Bone regeneration and fracture repair mechanisms are compromised as people age. One mechanism to account for this decline is that skeletal stem and progenitor cells (SSPCs) are more prone to differentiate into fat-producing adipocytes than into bone-producing osteoblasts. New research indicates that this switch in SSPC differentiation occurs as a result of chronic inflammation that develops as we age.

X-ray image of right shoulder with proximal humerus fracture after operative fixation. Image courtesy of P. Leucht, New York University School of Medicine, USA.

“In the elderly, an imbalance between adaptive and innate immunity, as well as a progressive accumulation of senescent cells, lead to elevated levels of pro-inflammatory mediators, a process known as ‘inflamm-ageing’,” says Philipp Leucht, corresponding author of the new research.
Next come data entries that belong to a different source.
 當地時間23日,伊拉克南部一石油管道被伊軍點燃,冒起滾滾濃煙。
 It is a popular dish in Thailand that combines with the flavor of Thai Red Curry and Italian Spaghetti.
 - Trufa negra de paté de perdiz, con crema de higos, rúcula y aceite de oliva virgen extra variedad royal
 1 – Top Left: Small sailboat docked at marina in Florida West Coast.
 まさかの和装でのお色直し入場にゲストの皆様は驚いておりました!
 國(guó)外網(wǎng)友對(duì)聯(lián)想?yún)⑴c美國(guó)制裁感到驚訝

Leucht and his team took bone samples from patients undergoing fracture fixation surgery (see image) and found an association between low SSPC number and a slow time to fracture union. This finding was replicated in a mouse tibial monocortical defect model, with better bone regeneration and a greater number of SSPCs in young (12 weeks) mice than in middle-aged (52 weeks) mice.

To distinguish chronological ageing from inflamm-ageing, the researchers showed that young Nfkb1–/– mice, which have constitutively active NFκB signalling and are a model of modest chronic inflammation, also have a low number of SSPCs. Furthermore, SSPCs from these mice display a senescent phenotype, an increased ability to differentiate into adipocytes and a reduced capacity for chondrogenic and osteogenic differentiation.
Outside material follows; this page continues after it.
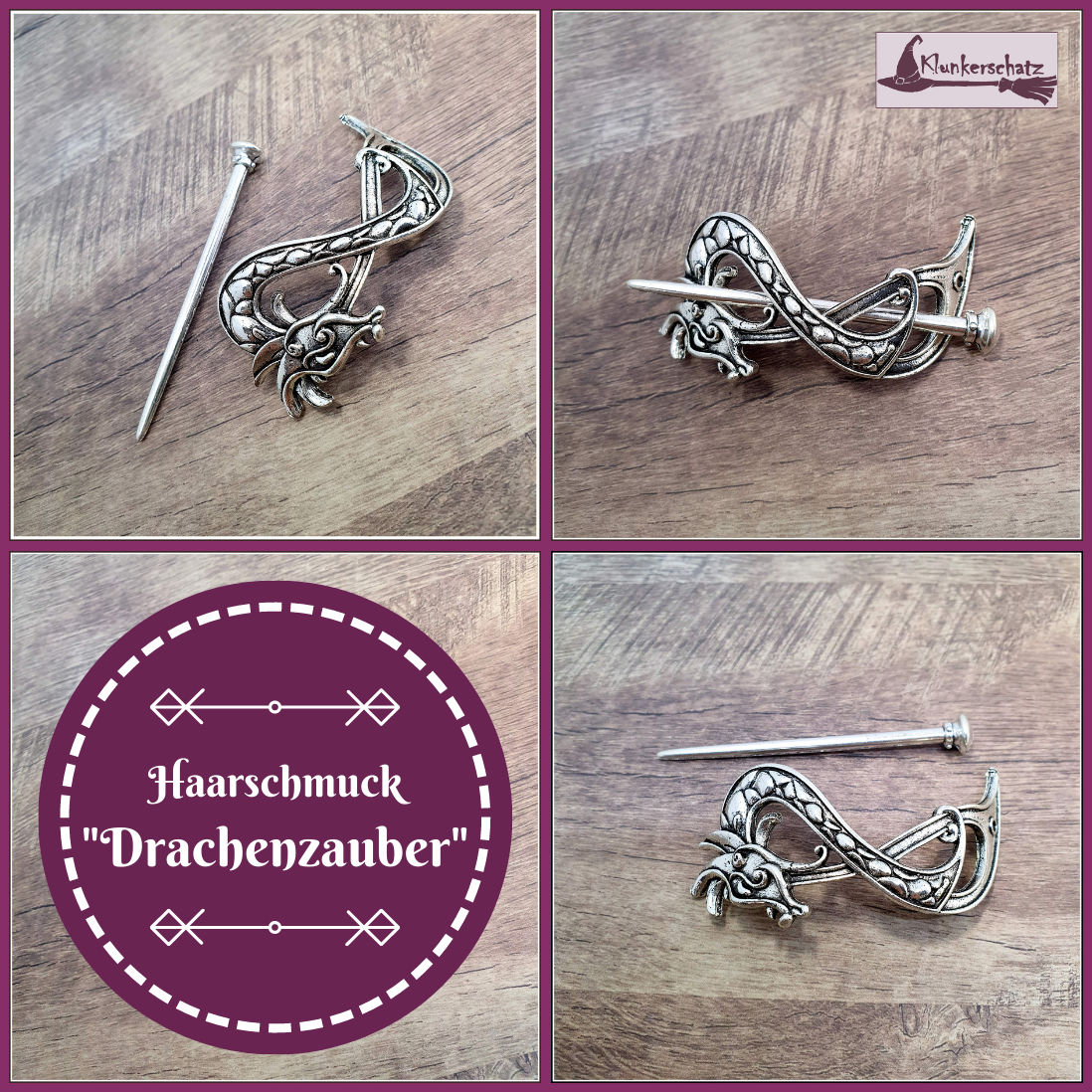 Dieser Haarschmuck ist mit einer Größe von 3,5 x 7,5 cm nicht sehr groß. Einen ganzen Zopf oder Pferdeschwanz kann er nicht aufnehmen. Wir von Klunkerschatz verwenden ihn eher als Schmuckstück über oder unter einem Knoten oder Zopf.
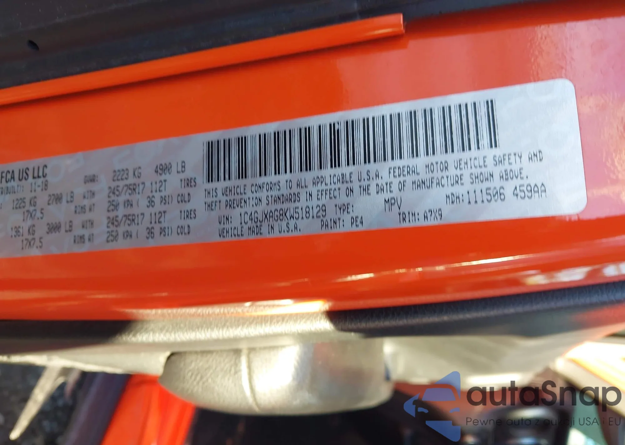 VIN: 1C4GJXAG8KW518129

The researchers showed that treating middle-aged (52 weeks) mice with NSAIDs resulted in an increase in the number of SSPCs, and the transcriptional signature and function of these cells became more osteogenic, resembling SSPCs from young mice.

“Anti-inflammatory drugs could be taken prior to elective orthopedic surgery to improve stem cell number and function,” hypothesizes Leucht “But further research should be to target the SSPCs, to ameliorate the effects of age-associated inflammation on this cell type without inhibiting inflammation that is necessary for successful bone regeneration.”